Wheeling Wharf - Wheeling, West Virginia
Posted by: BruceS
N 40° 04.062 W 080° 43.482
17T E 523476 N 4435307
Sign giving history of the Wheeling wharf and its impact on the development of the city.
Waymark Code: WMJBXJ
Location: West Virginia, United States
Date Posted: 10/26/2013
Views: 2
Text of marker:
Wheeling Wharf
Front Door To The City On The Ohio River
The Wheeling Wharf played a crucial role in bring people and products to and from our growing city. The port has seen the arrival of visitors such as Lafayette, Meriwether Lewis, Mark Twain, and thousands of steamboat passengers. The port was also the debarkation point for La Belle cut nails, Marsh stogies, Mail Pouch tobacco and a host of other famous Wheeling products. The Wheeling Wharf was the point around which the city grew and prospered.
Transportation Crossroads
The Zane family chose this spot as the site for their village, in part, because it was the northernmost navigable point onf the Ohio River.
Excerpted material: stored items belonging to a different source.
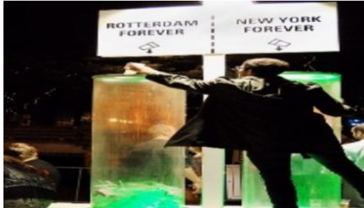
〈분리배출 투표 - 2014년 네덜란드의 위킵〉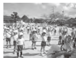
《七五三・千歳あめもらったよ》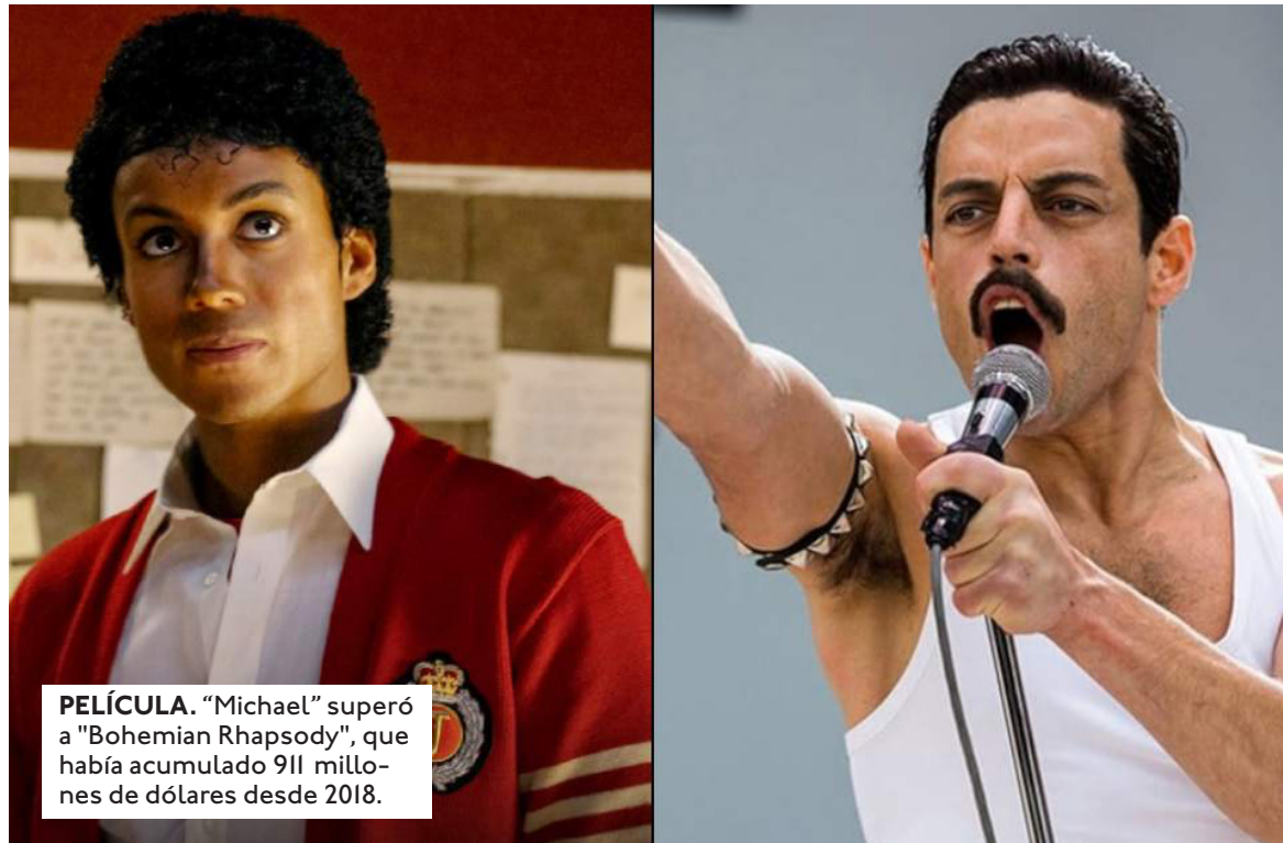
PELÍCULA. "Michael" superó a "Bohemian Rhapsody", que había acumulado 911 millones de dólares desde 2018.

El guion original, escrito por John Logan, contemplaba recrear la acusación de abuso presentada en 1993 por Jordan Chandler, de 13 años. Tras el descubrimiento del impedimento legal, la producción optó por acotar la trama al período comprendido entre 1966 y 1988, cinco años antes de que la primera denuncia pública contra el cantante se hiciera pública.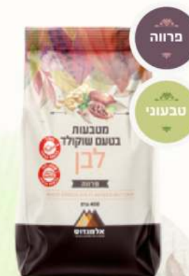
מטבעות בטעם שוקולד לבן - פרווה מק"ט: 3731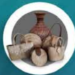
พัฒนาต่อยอดผลิตภัณฑ์ ทางวัฒนธรรม CPOT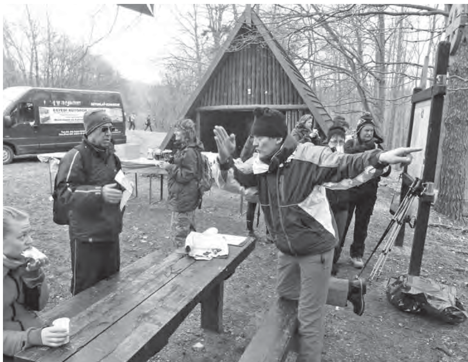
Útbaigazítás a Lepke teljesítménytúrára a Büdöskúti pihenőnél.

2012 évben megvalósult a Balaton-felvidéki Nemzeti Parkkal közösen beadott „Keszthelyi-hegység védett természeti területein illegális személtelakóinak felszámolása” – című pályázat. Ezen belül 2012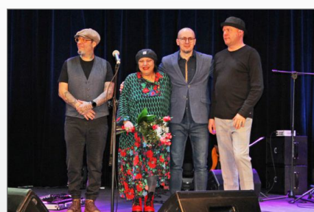
Koncert Gwiazdy polskiej estrady – Grażyny Łobaszewskiej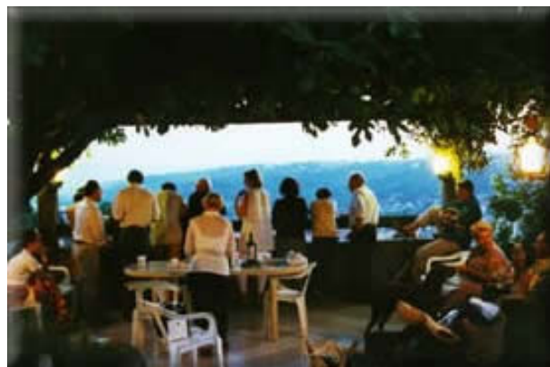
Du 1er juin à la fin août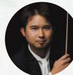
お話し:三浦文彰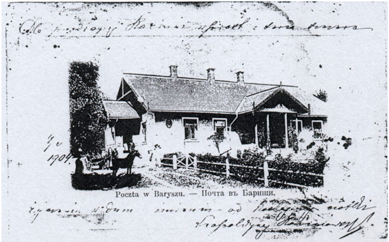
Barysz, dom Aliny i Leopoldyny Korzeniowskich, fot. arch. R. Sawickiego.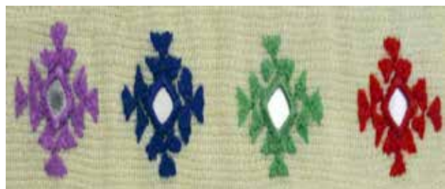
تصویر ۷. نقش هندسی بکالوک.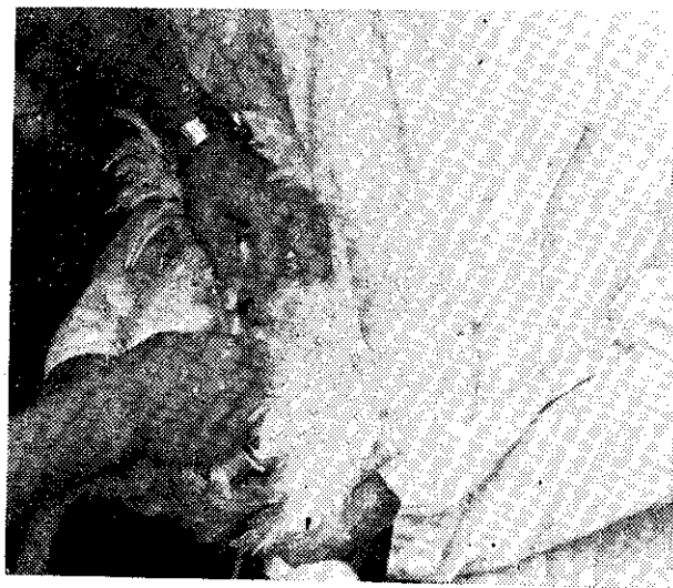
採精步驟之二：擠精

按摩時有兩種方法，筆者常用的是，由兩人操作，助手用雙手捉住公雞雙腿(手掌輕握大腿基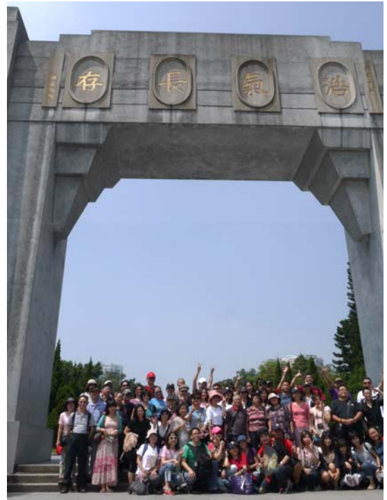
到黃花崗參觀合影留念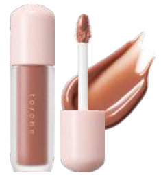
ベタル グロウ ルージュ EX02 Slow Emotions

to/one PR 柴山・布川 | MAIL pr@toonecosmetics.com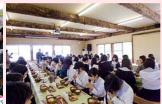
体験学習(食事体験)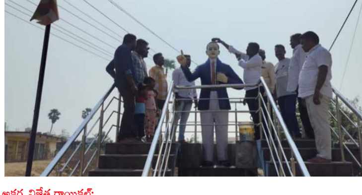
అక్షర విజేత, రాయికల్: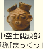
中空土偶頭部 愛称「まっくう」

町田市は都内でも有数の遺跡がある地域です。縄文時代を中心に約200点の考古資料が展示されている考古資料室について、学芸員がわかりやすく解説しています！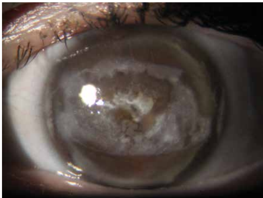
Obrázek 1. Zonulární keratopatie pacientky č. 4

Retrospektivně byly vyhodnoceny dlouhodobé výsledky terapie pacientů se zonulární keratopatií, kteří byli lé-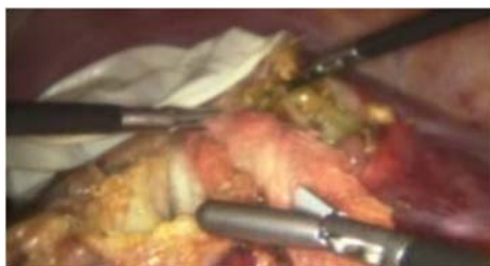
Figura 4. Legrado con las gasas embebidas con hipersodio en toda la pared quística, luego introducidas dentro de la bolsa colectora.

Se realizó liberación de adherencias, colocación de gasas embebidas con hipersodio, aspiración de contenido de quiste, instilación de solución hipertónica a cavidad de quiste, se deja solución por 5 minutos, y posteriormente se procedió a destechamiento de quiste, verificación de hallazgos, aspiración de contenido con remoción completa de vesículas, luego se realizó raspado con gasa con hipersodio en lecho quístico y finalmente colocación de drenes (laminar y tubular), en espacio de Morrison y en lecho de cavidad quística destechada, y colocación de epiplón mayor en dicha cavidad.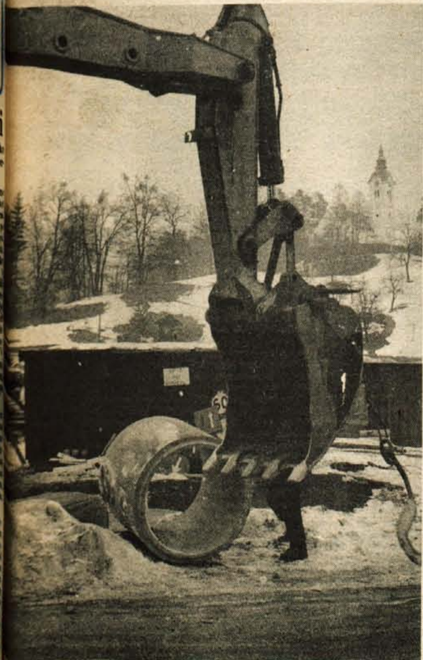
Čeprav je zima, brnijo stroji na gradbišču na Rečici, kjer LIP Bled skupaj z GG Bled gradi mehanizirano skladišče. Skladišče bo ena največjih naložb radoljške občine in velika pridobitev za uso lesno industrijo.

Medobčinski svet SZDL za Gorenjsko je obravnaval tudi problematiko okoli izgradnje nove asfaltne baze in se strinjal s predlogom odbora, da se začasno odloži izgradnja nove baze. MS SZDL se je strinjal z mnenjem, da je obstoj asfaltne baze za Gorenjsko nujen, zato je podprl predlog za začasno izgradnjo nadomestne asfaltne baze na stari lokaciji v Naklem v najmanjšem možnem obsegu (za določen las) s pogojem, da je na tem mestu zagotovljena optimalna varnost za človeka in okolje. MS SZDL poudaril, da to soglasje v nobenem primeru ne pomeni odstopanja od družbenega dogovora o izgradnji nove asfaltne baze; realizacija tega dogovora se le nekoliko odloži. Vzrok za tak sklep je le v pomanjkanju finančnih sredstev za večjo naložbo. I. S.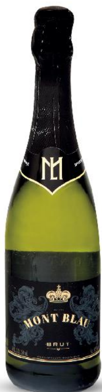
MONT BLAU BRUT Wino musujące białe półwytrawne 0,75 l butelka (=11 23,99)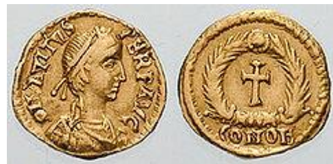
Cesarz Awitus. Czas panowania: 9 lipca 455 - 31 października 456 r. n.e.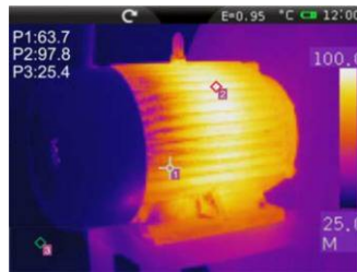
Max. 3 mérési pont (spot)

A THT47 egy hatékonyan használható, felhasználóbarát hőkamera, amely jól használható részletes hőeloszlás analízisre. A készülék a nagy fényerővel rendelkező, színes, TFT érintőképernyőn megjelenő menürendszerrel kezelhető. Az elkészült hő- és valódi képeket a készülék mikro SD memóriakártyára, jpeg formátumban menti el. Az elmentett képek USB interfész segítségével tölthetők át PC-re. A készülékkel valódi IR videó is készíthető. A THT47 optimális felbontású (160*120 képpont) IR érzékelője igen jó szolgálatot tesz megelőző karbantartások kidolgozásánál az ipar szinte minden területén. A nagy méréstartomány (max 400°C), valamint a számos beépített funkció, mint pl. a pont, vonal, területi és izotermál analízis alkalmazása az egyes képekre, a készüléket hatékonyságát nagy mértékben növelik, ideális eszközzé téve a készüléket mechanikai és elektromos hibák felderítésére, hidraulikus és szellőztető rendszerek ellenőrzésére, stb.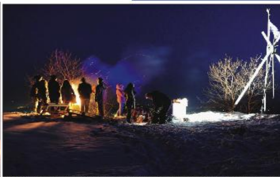
Lørdag lykte en varde opp Møkkølen med en klar beskjed: – Stopp oljeboring! Folkeaksjonen opplytt i Lofoten, Vestvågen og Senja og Natur og Ungdom vil bli trykket oppmerksomhet som mulig.

Publisert 21.02.2011 kl 09:05 Oppdatert 21.02.2011 kl 09:09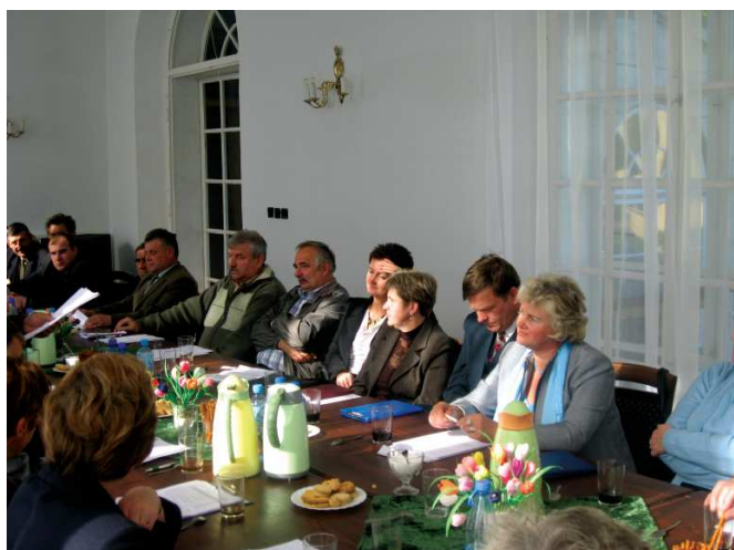
Uczestnicy spotkania w Zabytkowym Pałacu w Zarzeczcu

w zakresie wykorzystania środków Unii Europejskiej w nowym okresie programowania.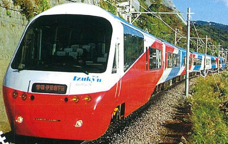
※写真はアルファリゾート21(片瀬白田～伊豆権取間)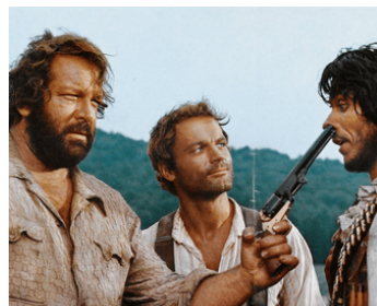
1970 ON L'APPELLE TRINITA (Lo chiamavano Trinità) d'Enzo Barboni avec Bud Spencer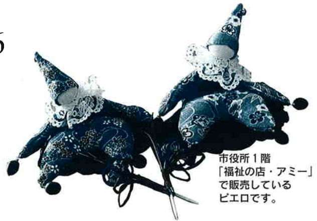
市役所1階 「福祉の店・アミー」 で販売している ピエロです。

広聴特集 皆様の声は 「市民とともに歩む市政」の実現に 大切な役割を果たしています .....2~5

In 1816, the steamboat George Washington was built for Captain Henry M. Shreve, marking the beginning of a shipbuilding industry that by 1879 had completed 99 steamboats. This area became a hub of transportation. Steamboat passengers could disembark at the wharf and be within a few steps of the railroad depot and in walking distance to the National Road heading west across the great Suspension Bridge.
Heavy Traffic
The Wheeling Wharf was an important stop along the Ohio River freight routes. At one time more cargo passed by Wheeling along the Ohio than any cargo that went through the Panama Canel. By the mid-1800s, three million people traveled the Ohio River annually. An account from the 1870s stated that one could regularly see fifty to seventy steamers leaving and passing the Wheeling Wharf. An example of how powerful the Wheeling river trade had become was that by 1871 the total tonnage of ships to be taxed was 116 vessels aggregating over 12,000 tons, growing to 445 vessels aggregating 45,856 tons by 1878. Today, Wheeling sees approximately 42,000,000 tons of cargo per year pass by Heritage Port, site of the former Wheeling Wharf.
Iron Rings
The iron rings embedded in the sandstone wall are relics from the era when steamboats used them to "tie-up" at the Port of Wheeling. The advent of steam navigation on the Ohio River in 1811 marked the beginning of large scale immigration and industrialization in the Ohio Valley. In recognition of this commercial activity, the United States government designated Wheeling as a Port of Delivery on March 2 1831. At that time, the wharf stretched from 9th Street in North Wheeling to 23rd Street in Center Wheeling.